Question-and-Answer Session
Operator
Thank you. Ladies and gentlemen, we will now begin the question and answer session. (Operator Instructions). Please limit your self to one question and then requeue for additional questions.
Our first question comes from the line of C.J. Muse with Barclays Capital. Please go ahead.
C.J. Muse - Barclays
Hi, good afternoon. Thank you for taking my question. Steve, I thought what you discussed in terms of the idle capacity, pretty interesting. I guess as part of that are you referring solely to 300 millimeter memory capacity?
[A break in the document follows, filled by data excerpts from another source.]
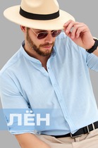 Мужская льняная рубашка с воротником-стойкой Happyfox
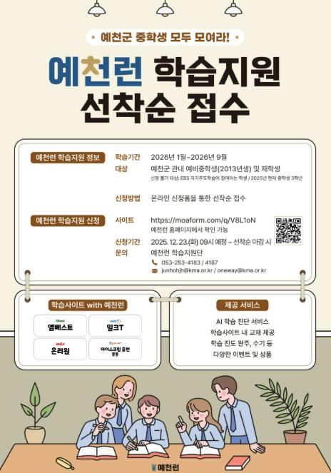 (포탈뉴스통신) 예천군은 지역 청소년의 학습격차 해소와 자기주도학습 역량 강화를 위해 추진 중인 AI 기반 학습지원 사업 ‘예천런’에 참여할 예비 중학교 1학년 및 재학생을 추가 모집한다.
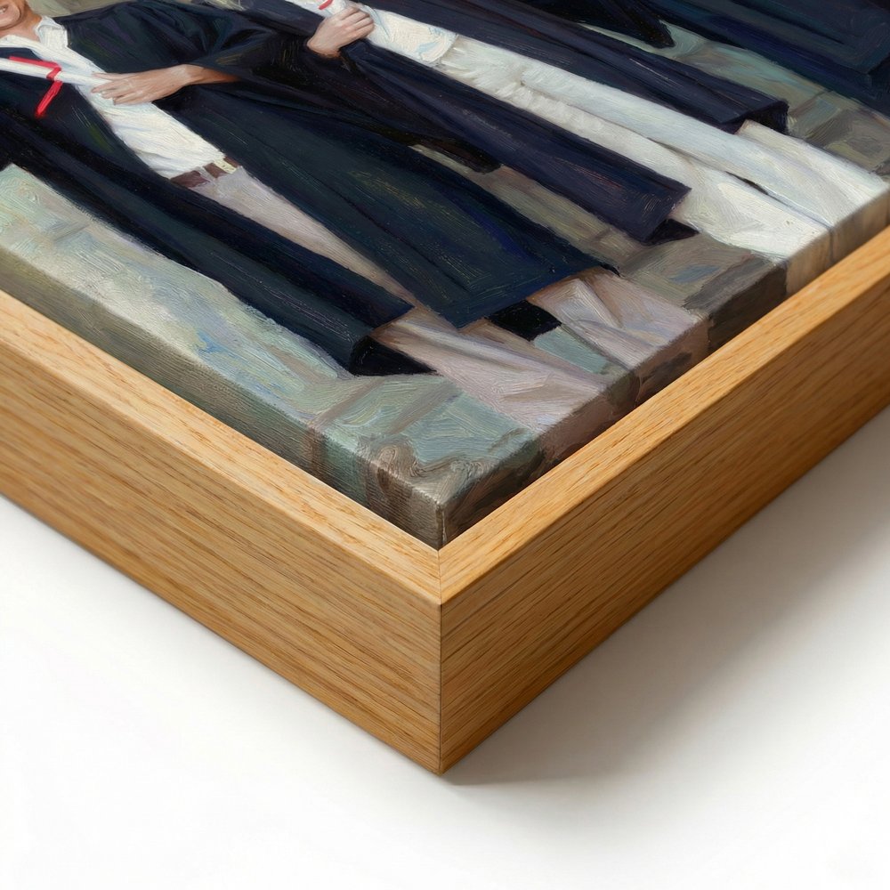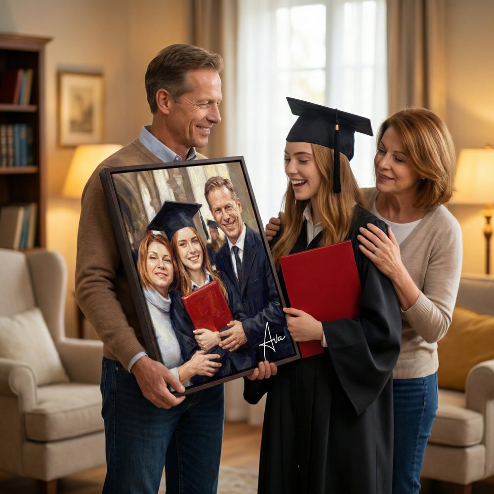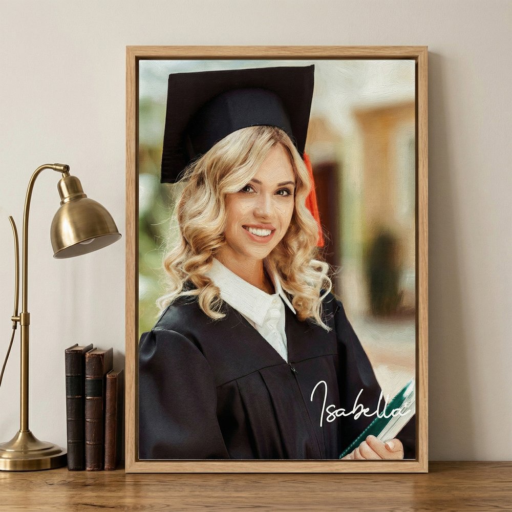 Transform your favorite graduation snapshot into a timeless fine-art oil-painting-style portrait print. We print your single high-resolution photo directly, keeping the composition clean and fully focused on the smiling graduate at the center. You can add a custom handwritten-style name signature on the artwork for a fully personalized touch, turning a fleeting graduation moment into an elegant, everlasting commemorative masterpiece.
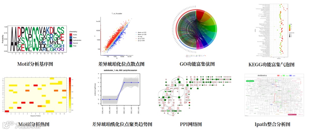 13项分析,30+分析成图。从修饰位点水平的统计分析,到发生修饰蛋白的功能注释和通路分析等,全面解析修饰差异水平变化

And then, as part of that, you talked about how the revenue opportunity was roughly half of what it would be if there was new equipment? And I guess, could you also add to that part of the conversation, what the impact is of double-patterning and growing the market there for edge? And overall, what the revenue dollar could look like?
Stephen Newberry
Yeah, what I talked about the idle wafer starts, we're talking about wafer starts. It's almost exclusively 300 millimeter now. But, it is 300 millimeter equipments. But there's not much 200 millimeter wafer start. And I was talking about memory.
The 45 to 50% down is again referring to memory. There is some reduction in reuse in non-memory activities, although it's not as extensive, because you don't have the same level of idled wafer starts that they want to convert.
Typically, what will happen, when you see demand rise and the overall utilization in the memory fab goes up, you probably have about 20% reuse and 80% new equipment purchases. And that depends on the customer and that depends on how fast they're converting. But, we anticipate that in 2009, there'll be about 250,000 wafer starts needed at the 5X and some early 4X DRAM. And some were around a 150 to 175,000 wafer starts, NAND at 3X node.
And I think the reuse activity in NAND is probably higher than it is in DRAM. But, I do anticipate that as we move into 2010, that we'll see that the amount of reuse will start to decline and over the next couple of years, we'll start to see that the spending in memory will be 75 or 80% new equipment. So that represents a significant opportunity for increased wafer fab equipment investment.
As it relates to double-patterning, clearly you're going to have some additional edge steps, that's factored in to how we look at the total sides of the market. We think that if you have to buy all new equipment for 10,000 wafer starts, the edge spending typically would need to be about 30 to 35 million for 10,000 wafer starts. And you'd have about for single-wafer clean, you'd end up with about a third of that or about 10 to 12 million per 10,000 wafer starts of new equipment capacity.